WHAT IS NEEDED: Leaving out the pictures, please reproduce exactly and only the lines from the one that contains "Binding Pale Blue White Stripe Boxy Fit Tee" through the last line below.

PROVIDED DATA:
┌────────

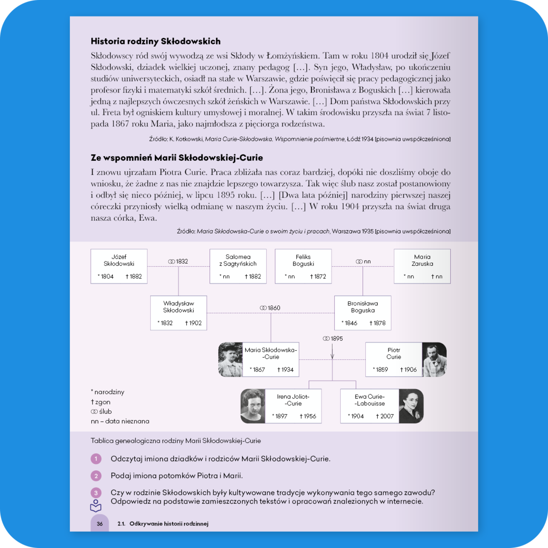 Materiały ikonograficzne zostały obudowane pytaniami i poleceniami nawiązującymi do ilustracji.
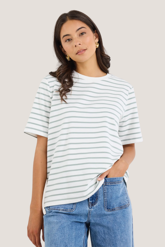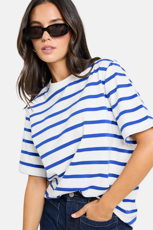 Binding Pale Blue White Stripe Boxy Fit Tee
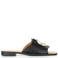 Klapki ze złotą obręczą z cyrkoniami czarne Potocki

└────────

WRITTEN SOLUTION:
 Binding Pale Blue White Stripe Boxy Fit Tee
 Klapki ze złotą obręczą z cyrkoniami czarne Potocki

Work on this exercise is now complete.